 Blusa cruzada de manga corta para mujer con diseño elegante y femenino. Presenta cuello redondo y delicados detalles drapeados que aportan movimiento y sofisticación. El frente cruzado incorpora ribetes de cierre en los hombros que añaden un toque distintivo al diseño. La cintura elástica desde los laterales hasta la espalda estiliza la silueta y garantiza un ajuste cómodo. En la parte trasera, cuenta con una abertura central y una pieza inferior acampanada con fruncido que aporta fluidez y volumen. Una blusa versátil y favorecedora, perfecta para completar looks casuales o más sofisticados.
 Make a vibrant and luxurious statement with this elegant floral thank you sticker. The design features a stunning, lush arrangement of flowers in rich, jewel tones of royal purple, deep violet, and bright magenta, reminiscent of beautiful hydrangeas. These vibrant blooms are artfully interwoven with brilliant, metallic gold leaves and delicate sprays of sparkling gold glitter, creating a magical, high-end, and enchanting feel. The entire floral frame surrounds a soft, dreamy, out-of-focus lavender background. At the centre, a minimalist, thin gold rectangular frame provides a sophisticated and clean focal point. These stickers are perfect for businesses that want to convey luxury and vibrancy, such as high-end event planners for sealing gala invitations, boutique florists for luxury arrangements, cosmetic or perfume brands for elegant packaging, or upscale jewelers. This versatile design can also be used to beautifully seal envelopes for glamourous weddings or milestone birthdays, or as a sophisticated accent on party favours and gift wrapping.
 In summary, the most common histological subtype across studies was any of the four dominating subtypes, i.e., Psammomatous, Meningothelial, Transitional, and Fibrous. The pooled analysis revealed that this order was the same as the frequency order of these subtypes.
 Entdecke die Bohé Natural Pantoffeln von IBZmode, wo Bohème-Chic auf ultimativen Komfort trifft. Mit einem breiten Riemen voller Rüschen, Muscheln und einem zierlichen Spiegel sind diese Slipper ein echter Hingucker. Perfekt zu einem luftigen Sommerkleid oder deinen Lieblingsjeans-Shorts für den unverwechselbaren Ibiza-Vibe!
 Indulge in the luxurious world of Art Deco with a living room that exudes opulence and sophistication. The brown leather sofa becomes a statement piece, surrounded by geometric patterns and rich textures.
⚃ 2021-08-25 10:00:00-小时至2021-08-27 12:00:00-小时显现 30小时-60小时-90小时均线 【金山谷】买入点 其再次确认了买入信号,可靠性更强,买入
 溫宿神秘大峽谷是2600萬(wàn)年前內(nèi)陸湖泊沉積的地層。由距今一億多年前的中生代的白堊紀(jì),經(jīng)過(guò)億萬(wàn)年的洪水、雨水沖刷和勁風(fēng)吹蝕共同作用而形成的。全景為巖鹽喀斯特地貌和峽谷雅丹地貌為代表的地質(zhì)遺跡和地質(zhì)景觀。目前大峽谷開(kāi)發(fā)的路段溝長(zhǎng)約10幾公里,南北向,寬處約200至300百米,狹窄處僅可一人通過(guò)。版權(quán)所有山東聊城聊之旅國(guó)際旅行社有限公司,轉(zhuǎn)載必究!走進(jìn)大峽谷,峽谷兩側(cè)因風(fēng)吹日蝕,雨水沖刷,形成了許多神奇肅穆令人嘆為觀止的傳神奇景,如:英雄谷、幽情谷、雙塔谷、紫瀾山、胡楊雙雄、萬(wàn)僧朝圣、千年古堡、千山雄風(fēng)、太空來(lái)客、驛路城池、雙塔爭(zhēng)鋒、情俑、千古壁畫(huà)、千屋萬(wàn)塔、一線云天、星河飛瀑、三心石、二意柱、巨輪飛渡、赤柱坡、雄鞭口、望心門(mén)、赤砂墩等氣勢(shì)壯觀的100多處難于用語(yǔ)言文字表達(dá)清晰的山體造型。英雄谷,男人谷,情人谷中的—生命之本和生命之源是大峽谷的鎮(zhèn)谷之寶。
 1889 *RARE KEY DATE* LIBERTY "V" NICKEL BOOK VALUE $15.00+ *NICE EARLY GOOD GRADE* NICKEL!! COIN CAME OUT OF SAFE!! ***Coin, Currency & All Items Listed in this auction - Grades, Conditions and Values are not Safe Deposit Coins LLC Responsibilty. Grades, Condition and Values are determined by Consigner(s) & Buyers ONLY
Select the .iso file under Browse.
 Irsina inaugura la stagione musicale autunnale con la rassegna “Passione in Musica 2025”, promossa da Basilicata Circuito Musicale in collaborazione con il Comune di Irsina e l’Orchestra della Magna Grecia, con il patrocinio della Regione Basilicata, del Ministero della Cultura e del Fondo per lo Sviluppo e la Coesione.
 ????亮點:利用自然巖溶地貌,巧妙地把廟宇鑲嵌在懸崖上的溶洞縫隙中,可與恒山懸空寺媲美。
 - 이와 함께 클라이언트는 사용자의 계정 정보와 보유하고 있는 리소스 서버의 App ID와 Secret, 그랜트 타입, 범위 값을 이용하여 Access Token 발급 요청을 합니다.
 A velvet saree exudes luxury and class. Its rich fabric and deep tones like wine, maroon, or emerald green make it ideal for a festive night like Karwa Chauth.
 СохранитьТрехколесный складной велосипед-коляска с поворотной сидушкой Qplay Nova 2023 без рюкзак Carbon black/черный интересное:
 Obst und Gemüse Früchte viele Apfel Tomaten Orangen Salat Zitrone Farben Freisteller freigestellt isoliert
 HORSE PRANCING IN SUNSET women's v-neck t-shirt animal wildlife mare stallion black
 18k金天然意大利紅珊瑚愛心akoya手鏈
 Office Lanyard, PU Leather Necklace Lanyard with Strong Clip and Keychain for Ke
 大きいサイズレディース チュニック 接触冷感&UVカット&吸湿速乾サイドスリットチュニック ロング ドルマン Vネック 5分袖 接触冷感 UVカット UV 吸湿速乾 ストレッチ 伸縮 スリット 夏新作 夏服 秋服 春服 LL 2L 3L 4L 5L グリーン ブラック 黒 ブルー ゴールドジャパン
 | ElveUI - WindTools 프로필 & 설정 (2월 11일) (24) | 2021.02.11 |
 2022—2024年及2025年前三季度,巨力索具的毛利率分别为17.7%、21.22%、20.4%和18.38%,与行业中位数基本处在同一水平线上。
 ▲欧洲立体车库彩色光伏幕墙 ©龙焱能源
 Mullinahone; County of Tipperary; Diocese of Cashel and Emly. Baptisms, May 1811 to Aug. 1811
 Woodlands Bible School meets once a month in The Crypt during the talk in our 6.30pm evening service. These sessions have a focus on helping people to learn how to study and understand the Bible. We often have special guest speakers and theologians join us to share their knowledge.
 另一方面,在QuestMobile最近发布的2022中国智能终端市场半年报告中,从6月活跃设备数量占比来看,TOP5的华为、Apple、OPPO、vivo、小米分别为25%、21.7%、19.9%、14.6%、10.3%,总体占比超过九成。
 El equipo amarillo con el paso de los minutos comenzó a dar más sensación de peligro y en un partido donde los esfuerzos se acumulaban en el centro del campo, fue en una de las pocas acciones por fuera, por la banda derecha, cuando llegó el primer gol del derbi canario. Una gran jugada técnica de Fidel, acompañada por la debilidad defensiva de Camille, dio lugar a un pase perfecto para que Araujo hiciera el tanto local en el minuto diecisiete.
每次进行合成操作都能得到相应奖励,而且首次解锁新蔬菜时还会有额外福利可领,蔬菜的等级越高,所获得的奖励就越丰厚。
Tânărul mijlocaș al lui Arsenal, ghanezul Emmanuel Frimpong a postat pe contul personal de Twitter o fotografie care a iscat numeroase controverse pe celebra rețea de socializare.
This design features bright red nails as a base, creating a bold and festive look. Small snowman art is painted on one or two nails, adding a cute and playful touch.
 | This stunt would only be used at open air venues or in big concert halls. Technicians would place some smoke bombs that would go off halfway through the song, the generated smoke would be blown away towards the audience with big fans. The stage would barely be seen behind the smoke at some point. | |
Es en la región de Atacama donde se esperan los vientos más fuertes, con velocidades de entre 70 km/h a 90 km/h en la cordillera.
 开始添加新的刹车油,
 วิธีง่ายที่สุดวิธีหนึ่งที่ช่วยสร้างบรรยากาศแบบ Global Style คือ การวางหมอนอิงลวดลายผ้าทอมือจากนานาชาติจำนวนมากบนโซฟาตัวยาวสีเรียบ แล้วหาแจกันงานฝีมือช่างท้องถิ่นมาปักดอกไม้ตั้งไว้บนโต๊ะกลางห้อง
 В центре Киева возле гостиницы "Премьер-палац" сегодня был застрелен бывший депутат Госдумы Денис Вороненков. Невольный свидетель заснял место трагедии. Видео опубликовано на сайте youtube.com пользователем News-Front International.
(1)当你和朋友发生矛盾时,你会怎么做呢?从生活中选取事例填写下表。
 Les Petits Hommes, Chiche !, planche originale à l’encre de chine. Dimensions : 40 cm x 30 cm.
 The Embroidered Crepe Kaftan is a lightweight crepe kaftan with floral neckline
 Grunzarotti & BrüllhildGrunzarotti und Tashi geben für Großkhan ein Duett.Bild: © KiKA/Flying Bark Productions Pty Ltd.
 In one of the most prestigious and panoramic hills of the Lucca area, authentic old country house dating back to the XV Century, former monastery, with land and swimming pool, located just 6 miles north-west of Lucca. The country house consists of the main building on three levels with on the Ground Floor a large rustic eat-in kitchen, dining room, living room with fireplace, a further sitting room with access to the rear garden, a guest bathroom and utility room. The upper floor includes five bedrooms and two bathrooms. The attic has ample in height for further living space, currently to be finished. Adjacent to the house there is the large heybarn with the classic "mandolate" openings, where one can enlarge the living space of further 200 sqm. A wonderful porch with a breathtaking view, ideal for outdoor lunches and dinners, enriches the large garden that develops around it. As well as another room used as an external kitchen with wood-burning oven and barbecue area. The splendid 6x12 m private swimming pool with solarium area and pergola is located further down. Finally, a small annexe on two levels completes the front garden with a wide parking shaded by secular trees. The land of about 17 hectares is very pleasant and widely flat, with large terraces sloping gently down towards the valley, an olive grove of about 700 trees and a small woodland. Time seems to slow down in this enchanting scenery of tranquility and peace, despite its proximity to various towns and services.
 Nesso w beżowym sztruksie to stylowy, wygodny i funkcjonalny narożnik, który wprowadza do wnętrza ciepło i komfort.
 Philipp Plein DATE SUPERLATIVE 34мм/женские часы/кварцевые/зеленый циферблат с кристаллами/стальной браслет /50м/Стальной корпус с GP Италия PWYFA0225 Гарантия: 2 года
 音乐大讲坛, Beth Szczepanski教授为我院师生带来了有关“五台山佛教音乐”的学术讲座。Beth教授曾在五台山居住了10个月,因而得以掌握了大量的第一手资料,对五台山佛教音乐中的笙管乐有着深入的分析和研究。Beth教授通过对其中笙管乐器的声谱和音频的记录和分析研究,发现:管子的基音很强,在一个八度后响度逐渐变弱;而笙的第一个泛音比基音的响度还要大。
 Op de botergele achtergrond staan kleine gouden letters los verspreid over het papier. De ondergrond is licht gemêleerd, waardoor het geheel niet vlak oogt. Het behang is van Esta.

═══

* Required action:
Nothing but the lines with "exudes" should be returned, copied from the entries above.

* Exercise result:
 Indulge in the luxurious world of Art Deco with a living room that exudes opulence and sophistication. The brown leather sofa becomes a statement piece, surrounded by geometric patterns and rich textures.
 A velvet saree exudes luxury and class. Its rich fabric and deep tones like wine, maroon, or emerald green make it ideal for a festive night like Karwa Chauth.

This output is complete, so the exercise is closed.